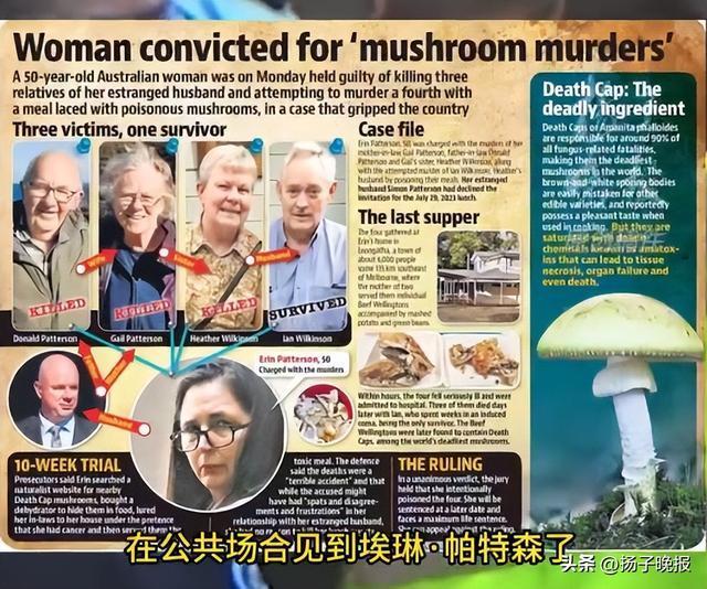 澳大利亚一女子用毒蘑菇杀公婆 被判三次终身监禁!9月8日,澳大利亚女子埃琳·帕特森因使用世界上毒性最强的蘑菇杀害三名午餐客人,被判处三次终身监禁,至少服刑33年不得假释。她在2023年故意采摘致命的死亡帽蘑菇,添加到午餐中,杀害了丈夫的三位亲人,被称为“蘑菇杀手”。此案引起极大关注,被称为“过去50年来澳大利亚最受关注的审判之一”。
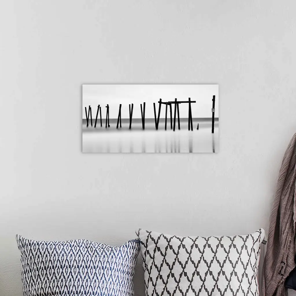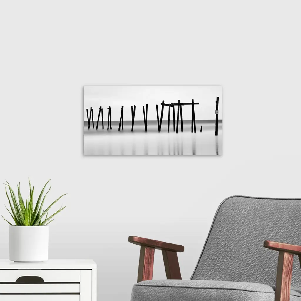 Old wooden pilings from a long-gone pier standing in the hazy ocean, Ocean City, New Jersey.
□ □ □ □ □
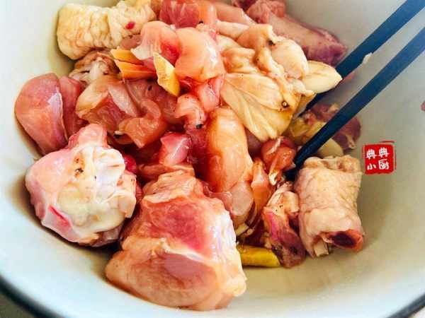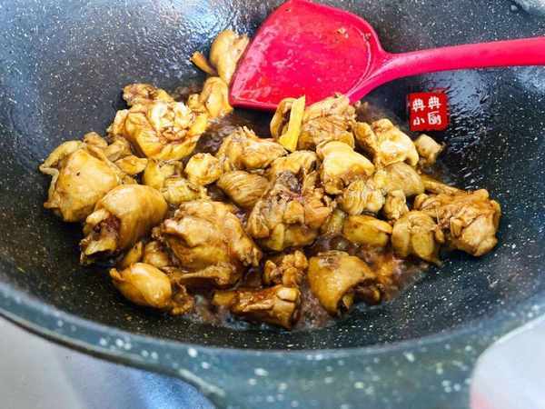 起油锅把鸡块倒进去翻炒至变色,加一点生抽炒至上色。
□ □ □ □ □
Required work:
From the records above, quote word for word only the lines beginning at the line that has "澳大利亚一女子用毒蘑菇杀公婆" and stopping after the line that has "Old wooden pilings". Omit the pictures.

Result of the exercise:
 澳大利亚一女子用毒蘑菇杀公婆 被判三次终身监禁!9月8日,澳大利亚女子埃琳·帕特森因使用世界上毒性最强的蘑菇杀害三名午餐客人,被判处三次终身监禁,至少服刑33年不得假释。她在2023年故意采摘致命的死亡帽蘑菇,添加到午餐中,杀害了丈夫的三位亲人,被称为“蘑菇杀手”。此案引起极大关注,被称为“过去50年来澳大利亚最受关注的审判之一”。
 Old wooden pilings from a long-gone pier standing in the hazy ocean, Ocean City, New Jersey.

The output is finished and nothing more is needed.